I must admit that I do not quite understand what I see here. However, I see the same kind of delays with other programs as well i.e., this is no quirk of emacs
. Saving in libreoffice
can even freeze until the file is accessed by another program.
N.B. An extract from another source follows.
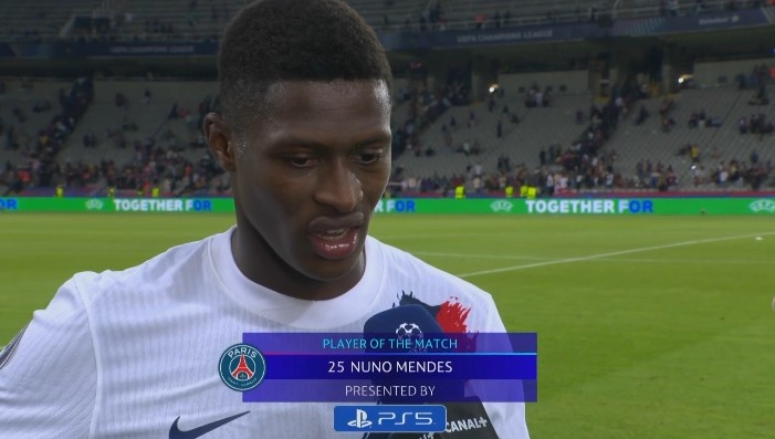 10月2日讯 欧冠联赛阶段第二轮,巴黎客场2-1逆转绝杀巴萨。赛后,门德斯接管采访。

Since I've seen somewhere that there are issues with krb5p
in some environments, I reduced to krb5
, but this did not change anything.
Both client and server run gssproxy
. On the client I see debugging entries of nfsidmap
, and after setting sysctl sunrpc.rpc_debug=0xFFFF
I see the following for the emacs
scenario:
[423544.865600] RPC: gss_get_mic_v2
[423544.865628] RPC: xs_tcp_send_request(200) = 0
[423544.867049] RPC: xs_data_ready...
[423544.867309] RPC: gss_verify_mic_v2
[423545.373665] RPC: gss_get_mic_v2
[423545.373691] RPC: xs_tcp_send_request(200) = 0
[423545.374692] RPC: xs_data_ready...
[423545.374748] RPC: gss_verify_mic_v2
[423545.375009] RPC: gss_get_mic_v2
[423545.375025] RPC: xs_tcp_send_request(268) = 0
[423545.375909] RPC: xs_data_ready...
[423545.375957] RPC: gss_verify_mic_v2
[423550.467227] RPC: gss_get_mic_v2
[423550.467307] RPC: xs_tcp_send_request(216) = 0
[423550.468395] RPC: xs_data_ready...
[423550.468513] RPC: gss_verify_mic_v2
[423550.468621] RPC: gss_get_mic_v2
[423550.468646] RPC: gss_get_mic_v2
[423550.468689] RPC: xs_tcp_send_request(264) = 0
[423550.469403] RPC: xs_data_ready...
[423550.469541] RPC: gss_verify_mic_v2
[423550.469564] RPC: gss_verify_mic_v2
[423550.472794] RPC: gss_get_mic_v2
[423550.472849] RPC: xs_tcp_send_request(208) = 0
[423550.473758] RPC: xs_data_ready...
[423550.473903] RPC: gss_verify_mic_v2
[423550.474234] RPC: gss_get_mic_v2
[423550.474290] RPC: xs_tcp_send_request(200) = 0
[423550.475147] RPC: xs_data_ready...
[423550.475257] RPC: gss_verify_mic_v2
I have no idea how to exactly interpret this log, but it also clearly shows the 5 second delay, and it seems to me like all RPC calls are processed within 100 ms.
Any ideas what is going on, or at least how to further pin down the issue?